▶ **Exercise**: Beneath this line are entries. Copy the range from the line with "A great day" to the line with "This thangka depicts", ends included, exactly; leave pictures out.
(Data for this task Opens)
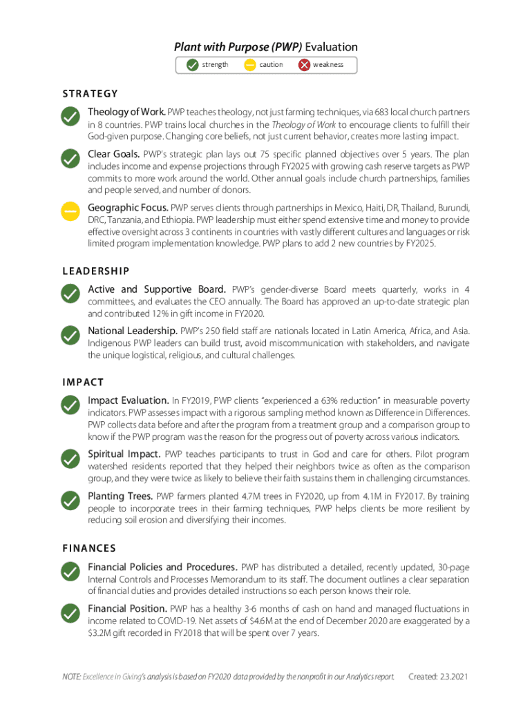 Plant with Purpose (PWP) Evaluation strengthcautionweaknessS T RA T EG Y Theology of Work. PWP teaches theology, not just farming techniques, via 683 local church partners in 8 countries. PWP trains
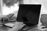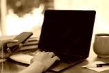 Woman with smartphone working on laptop at table against blurred background, closeup
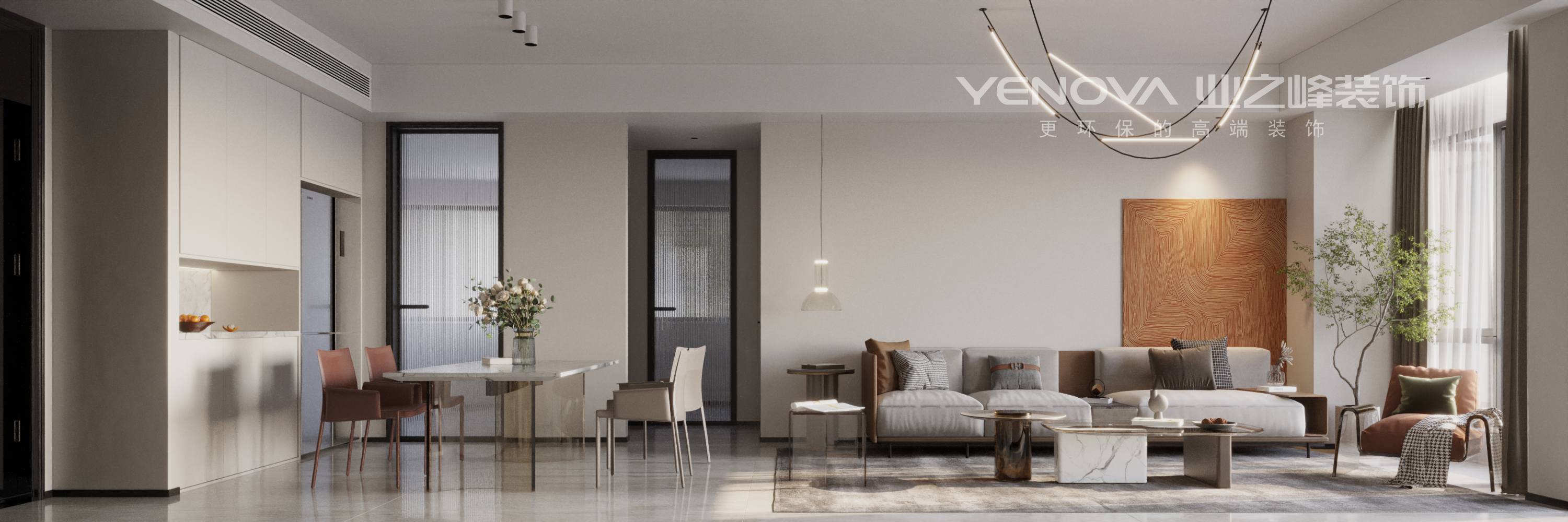 本案定位现代风格。在房间布局上没有太多改动,整体设计也没有太多造型,通过充足的光线,宽敞的面积,创造出舒适的居住环境。整体空间的布置重点在家具软装的选购和色彩搭配。在设计上主要通过材质和色调来营造一个时尚简洁舒适的居家氛围。
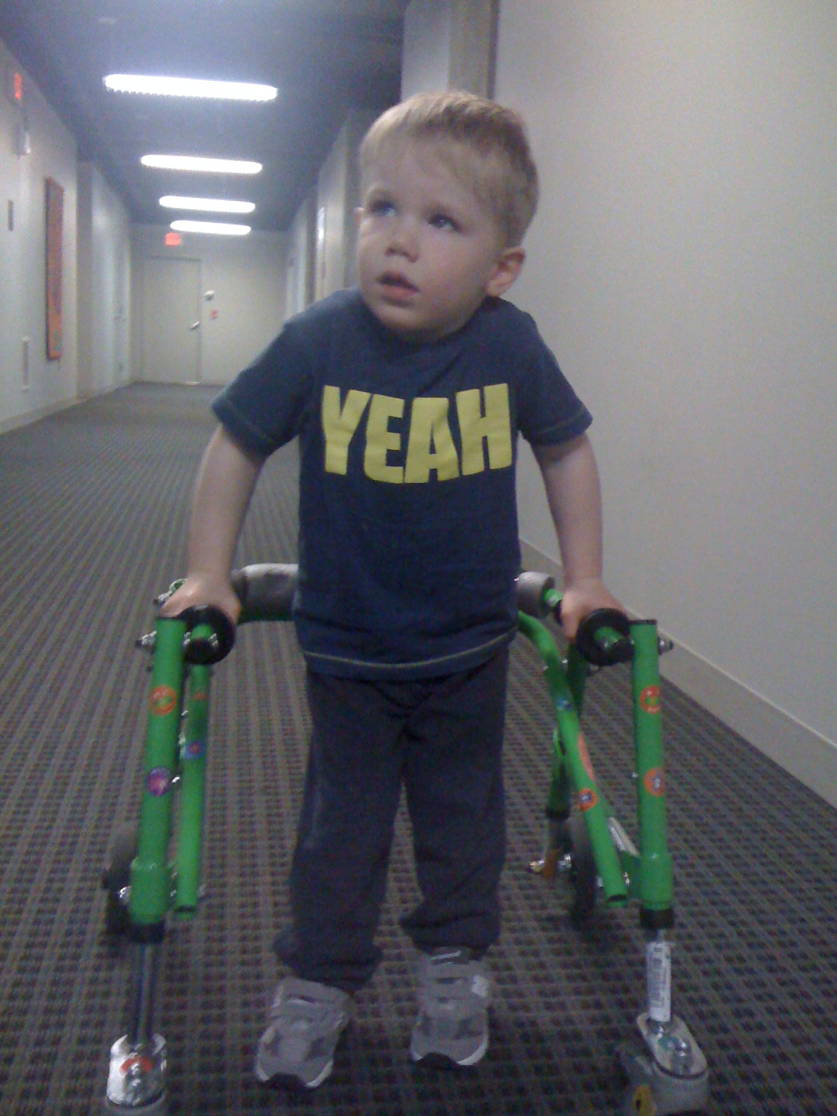 A great day at physio yesterday was followed by a not so great one today, Harry did not really want to cooperate in any way, I don’t want to make any excuses for him maybe he was just fed up and did not fancy it maybe it was something else but today was the first day I wanted to hurry up and get out. We walked back to the apartment forgetting about what had gone before because we were looking forward to relieving Harry from his concrete boots or casts. A warm bucket of water a pair of scissors and half hour later and Harry’s feet ankle and calf’s felt the cool American air once again. Then Harry had his first bath for a week and he loved it after the bath and once dressed Harry seemed to have a new lease of life shorn of his lead boots he was pulling up on to anything that he could and his feet amazingly stayed flat on the ground. To me it was if his feet had grown by a couple of inches where I am so used to seeing him on tip toes… amazing. After his nap we went the to St Louis version of Bluewater and bought Harry his first pair of real trainers, again it was an amazing moment seeing flat feet in a pair of trainer’s  We held Harry’s hand and he walked perfectly straight picking his feet up and no feet turning in or dragging as he step’s forward it would have meant nothing to anyone who watched him but to us it was a absolutely fantastic sight and feeling!!!!
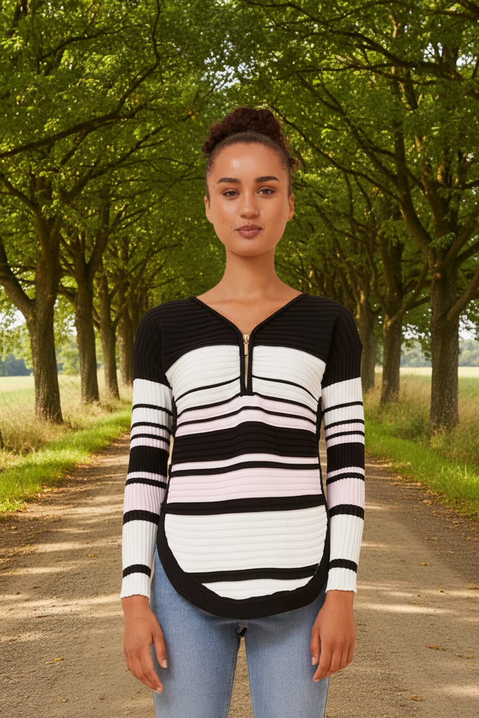 Rib Knit Button Detail Jumper - Black / Pink
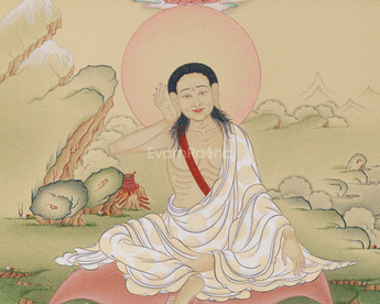 This thangka depicts Milarepa in a meditative pose, with one palm cupped to his ear, symbolizing his mastery of poetry and music. At the top center is Vajradhara, the primordial Buddha, representing the source of enlightened blessings and highlighting the transmission of wisdom and spiritual lineage. The painting illustrates the sacred bond between teacher and disciple and the balance between earthly practice and divine guidance. Every detail, from Milarepa's simple robes to Vajradhara's radiant aura, is meticulously hand-painted, creating a visual narrative that encourages devotion and reflection. Placing this Milarepa with Vajradhara thangka in your sacred space will allow its divine energy to inspire your meditation, uplift your spirit, and connect you with the timeless wisdom of Tibetan masters.
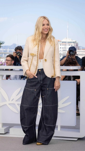 Мы привыкли видеть, как звезды во время Каннского кинофестиваля надевают роскошные платья и деловые брючные костюмы, но Сиенна Миллер всегда экспериментирует. Так, на премьере фильма «Горизонт: Американская сага» она появилась ультрамодном аутфите в Schiaparelli. Актриса примерила приталенный жакет на голое тело и дополнила его трендовыми синими джинсами на низкой посадке, из-под которых словно виднеется белье. Если присмотреться, то можно увидеть и эффектные туфли модного Дома — имитация ступни.
(Data for this task Closes)
▶ **Answer to this exercise**:
 A great day at physio yesterday was followed by a not so great one today, Harry did not really want to cooperate in any way, I don’t want to make any excuses for him maybe he was just fed up and did not fancy it maybe it was something else but today was the first day I wanted to hurry up and get out. We walked back to the apartment forgetting about what had gone before because we were looking forward to relieving Harry from his concrete boots or casts. A warm bucket of water a pair of scissors and half hour later and Harry’s feet ankle and calf’s felt the cool American air once again. Then Harry had his first bath for a week and he loved it after the bath and once dressed Harry seemed to have a new lease of life shorn of his lead boots he was pulling up on to anything that he could and his feet amazingly stayed flat on the ground. To me it was if his feet had grown by a couple of inches where I am so used to seeing him on tip toes… amazing. After his nap we went the to St Louis version of Bluewater and bought Harry his first pair of real trainers, again it was an amazing moment seeing flat feet in a pair of trainer’s  We held Harry’s hand and he walked perfectly straight picking his feet up and no feet turning in or dragging as he step’s forward it would have meant nothing to anyone who watched him but to us it was a absolutely fantastic sight and feeling!!!!
 Rib Knit Button Detail Jumper - Black / Pink
 This thangka depicts Milarepa in a meditative pose, with one palm cupped to his ear, symbolizing his mastery of poetry and music. At the top center is Vajradhara, the primordial Buddha, representing the source of enlightened blessings and highlighting the transmission of wisdom and spiritual lineage. The painting illustrates the sacred bond between teacher and disciple and the balance between earthly practice and divine guidance. Every detail, from Milarepa's simple robes to Vajradhara's radiant aura, is meticulously hand-painted, creating a visual narrative that encourages devotion and reflection. Placing this Milarepa with Vajradhara thangka in your sacred space will allow its divine energy to inspire your meditation, uplift your spirit, and connect you with the timeless wisdom of Tibetan masters.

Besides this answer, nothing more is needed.